ILO: China Drives 6% Annual Wage Growth in Asia-Pacific

The International Labour Organization’s 2014 Wage Report for the Asia Pacific region shows rapid growth in wages compared to global averages, wide differences in wage levels in the region, expanding formal employment and growing upward pressure on wages from civil society organisations.

Rising Wages, Widening Inequalities

Real wages in the Asia Pacific region grew 6% y-o-y in 2013, a slight increase compared with 5.9% in 2012 and faster than the average 2.0% y-o-y growth in global wages in 2013. At the basic level, this is good news for the region because it indicates growing consumer spending power.

Annual Growth (%) in Real Wages, Asia vs. Global Average, 2006-2013

Source: ILO Global Wage Report 2014/15 | Asia and the Pacific

However, the regional number, as we shall see, masks significant differences in wage levels and growth across the region.

Despite seeing strong regional growth, wages remain comparatively low in Cambodia, Indonesia, Vietnam, the Philippines and India, compared with China, Malaysia, and the more developed nations of the Asia Pacific region.

Monthly Salaries (US$) Compared Across Asia-Pacific (2013)

Source: ILO Global Wage Report 2014/15 | Asia and the Pacific

East Asia: 7.1% YoY Growth Driven by China

Annual wage growth in East Asia of 7.1% in 2013 (7.7% in 2012) outperformed the regional average of 6%. ILO numbers show that rapid wage growth in China - 7.3% y-o-y for state-owned enterprises and 10.9% y-o-y in private enterprises - drove overall numbers for the region. Elsewhere, wage growth picked upon Korea to 2.5% y-o-y, as new minimum wage legislation drove worker payments. Wage growth in Hong Kong and Taiwan was relatively lacklustre with wages fell 0.2% and 0.6% y-o-y, respectively.
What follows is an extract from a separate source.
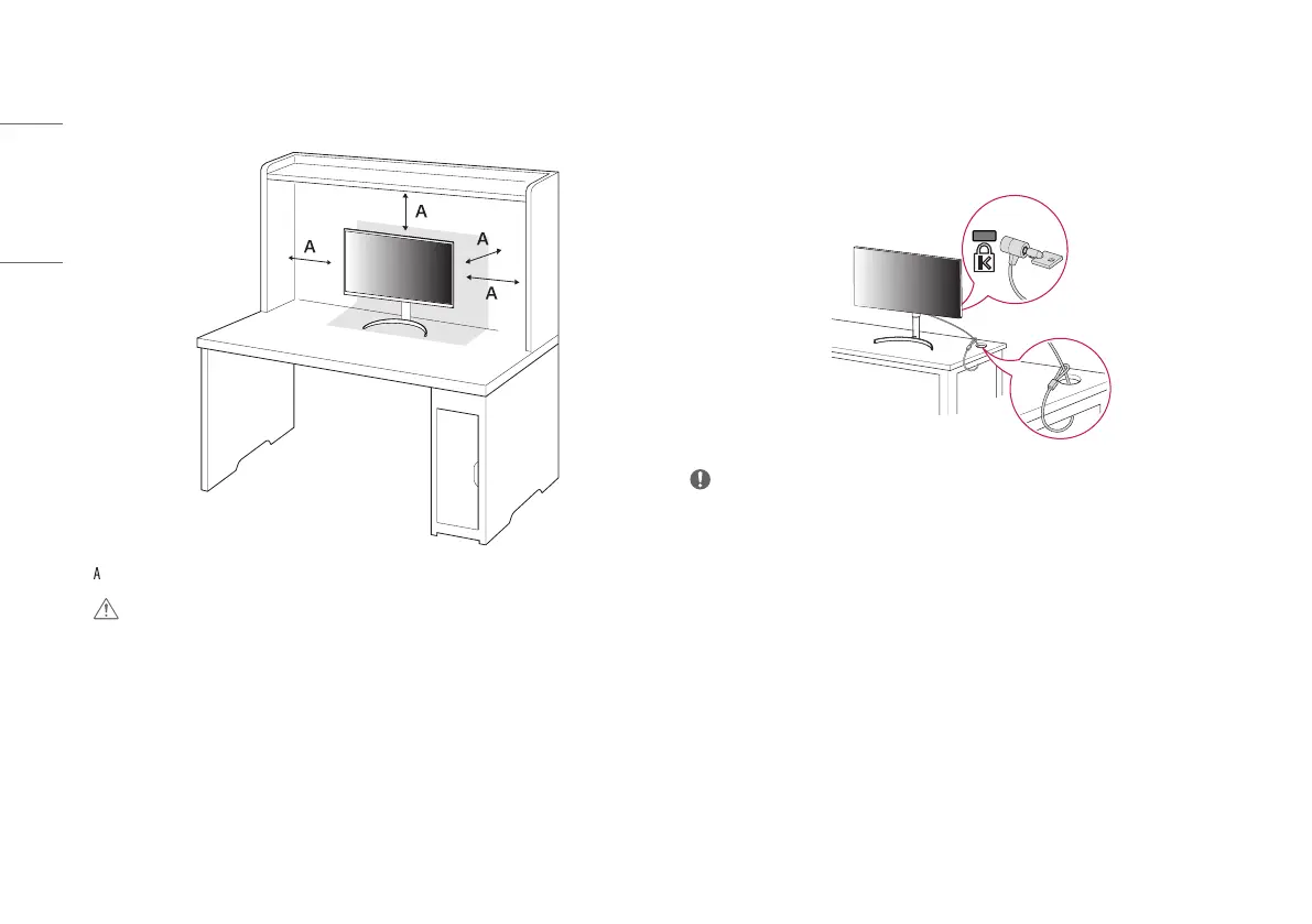 • Lift the monitor and place it on the table in an upright position. Place the monitor at least 100mm away from

South-East Asia: Minimum Wage Legislation Pushes Up Wage Levels 5.3% YoY

Governments in Vietnam, Malaysia, Thailand, Indonesia and Cambodia all raised minimum wage levels in 2013, responding to political pressure and concerns that wage growth had fell behind productivity growth. As such, wage growth picked to 5.3% y-o-y in 2013, compared with 3.7% y-o-y in 2012.

South Asia: Wage Growth Slows to 2.4% YoY

Despite patchy data, the ILO report states that real wages in South Asia (India, Pakistan, Bangladesh, Sri Lanka and Nepal) grew 2.4% in 2013, faster than the 1.5% y-o-y growth in 2012, but much slower than the average 5% annual growth on real wages between 2006 and 2011. Many arguments are put forward to explain why, chief among them from the ILO’s point of view is the lack of observance of minimum wage laws. Rampant unemployment in the region has also put wage levels under significant pressure.


What does this mean? For governments, at least, the report gives a snapshot of where they can compete on wage levels against other countries in the region. Principally, it should focus attention on pushing reforms to liberalize investment in manufacturing and industrial sectors, as well as undertaking reforms to improve the business environment.

For corporates, the trend of continuing growth in wages in the region is good for those companies betting on a consumer-demand led future. Also, Asia Pacific remains competitive in wages terms for manufacturers.

However, the wage data show that demographic pressures discussed here are having a distinct impact on salaries and so it is necessary for corporates and government to have a clear, forward-looking assessment of where demographic pressures will be greatest in the next 50 years.

Finally, corporates should prepare themselves for further cases of government pressure through minimum wages. Upward adjustments were widespread in 2013 and 2014 and legislation is only likely to become tighter, particularly in countries such as Indonesia, Cambodia, Vietnam, the Philippines and India, where young working-age populations will account for a more weighty share of the populace and will bargain for increased wages.